United States

Delaware addresses unclaimed property VDA in light of Temple-Inland

Provides for holder-friendly changes to voluntary disclosure program


As of Aug. 26, 2016, Delaware Secretary of State Jeffrey W. Bullock began sending out a statement to all currently enrolled holders in the Delaware unclaimed property voluntary disclosure program discussing changes to the program in light of the Temple-Inland litigation. In that litigation, the U.S. District Court determined that the state’s unclaimed audit procedures and techniques “shocked the conscience” in violating substantive due process. However, the case was recently dismissed due to a settlement between the parties and before a remedy to the state’s audit procedures could be determined by the judge.
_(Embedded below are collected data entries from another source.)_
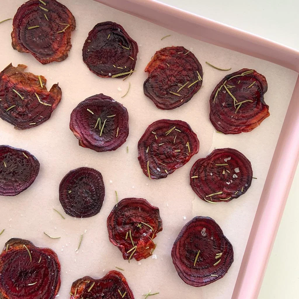 Bake for 45 minutes until crisp. Flip the beetroot slices halfway.
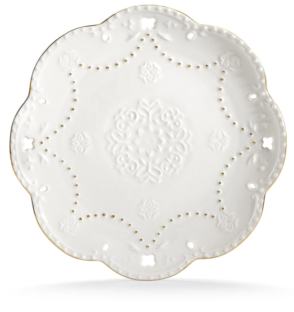 Piatto Tondo Ø25,5 cm Traforato in Porcellana Kaleidos Charme Filo Oro
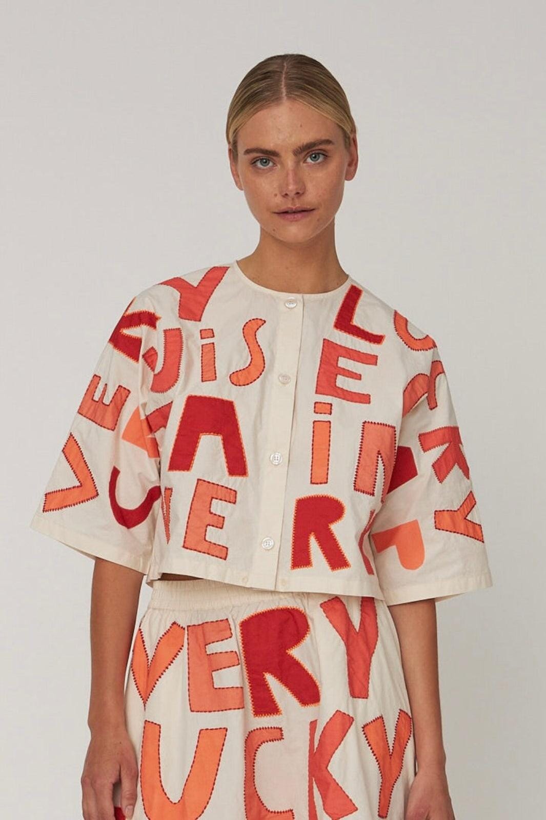 Koszula Stella Nova z nadrukowanym wzorem dużych liter w czerwonych i pomarańczowych odcieniach na jasnym tle. Koszula wykonana jest z bawełny organicznej.
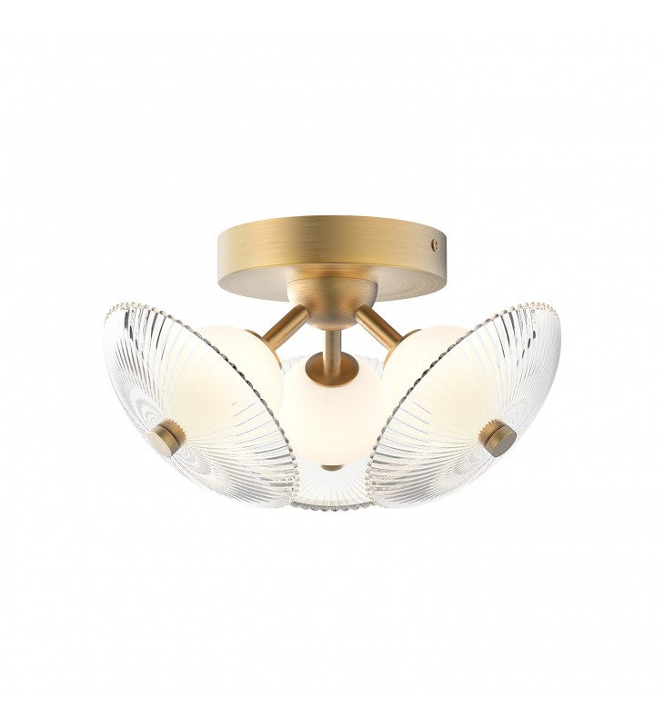 FM417604BGCR-Hera 12-in Brushed Gold/Clear Ribbed Glass LED Flush Mount
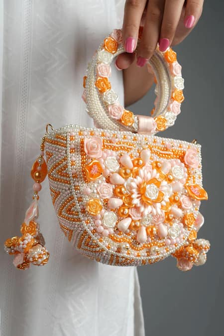 Intricate floral beadwork, Unique circular handle, Tassel accents on sides
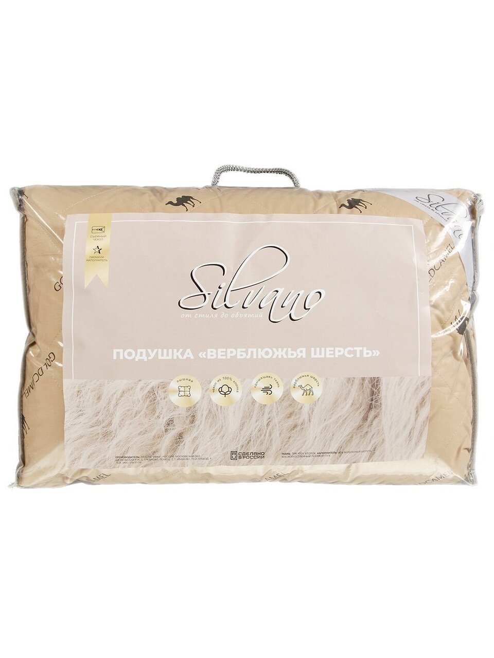 Подушка 50х70 см Silvano: оптимальный размер, верблюжья шерсть и хлопковый чехол для комфортного сна дома и на даче. Ощутите разницу уже этой ночью!

For more information about the Temple-Inland litigation and settlement, please read our alert, Temple-Inland’s Delaware unclaimed property audit challenge dismissed.

The secretary’s statement acknowledges that Temple-Inland did not involve an unclaimed property holder in the voluntary disclosure program, but states that he did not want to “ignore the seriousness of some of the issues raised” by the litigation. One of the audit practices questioned in Temple-Inland was the state’s use of ‘estimation’ in determining a holder’s Delaware liabilities. The statement discusses the ‘bright-line rule’ used in voluntary disclosure that provides no estimation is involved for non-Delaware domiciled entities, and that when estimation is used, the liabilities are reportable to the holder’s state of incorporation or formation. Additionally, the statement points out that when entering into a voluntary disclosure settlement agreement, a holder is provided a release that indemnifies the holder for all future claims by another state on the estimated unclaimed property, thereby preventing a risk of a holder paying the same unclaimed property to more than one state.

The secretary also notes that a number of unclaimed property audit and disclosure changes have been made in the past few years including the secretary of state’s voluntary disclosure program created in 2012, a shorter look back for audits, and offering all holders the opportunity to enter into voluntary disclosure before an audit commences. Based on Temple-Inland, the secretary intends to propose additional changes to the General Assembly including a more favorable look back period, a record retention policy tied to the statute of limitations, and possibly a negative reporting requirement. However, even without the statutory support, the secretary will begin to provide voluntary disclosure settlements based on a look back period of 10 years plus dormancy from the date a holder enrolled in the voluntary disclosure program.


While the secretary’s statement does not appear to be publicly available yet, holders currently enrolled in the voluntary disclosure program are expected to receive the statement the week of Aug. 29, 2016, if not earlier. Although disappointing that the statement does not address any changes to estimation methodologies, holders in the voluntary disclosure program should take note of the holder-friendly changes, namely, voluntary disclosure agreements settled on a 10-year, plus dormancy, look back period from the date a holder enrolls in the program. That look back is a reduction from the current period that look backs to 1996, and a reduction from the planned 19-year rolling look back originally scheduled to begin Jan. 1, 2017.

Holders will also want to keep track of the additional changes that will be proposed through the legislative process once the Delaware General Assembly reconvenes in January 2017. Holders should speak to their unclaimed property advisors about how the statement may impact their current or future voluntary disclosure agreements.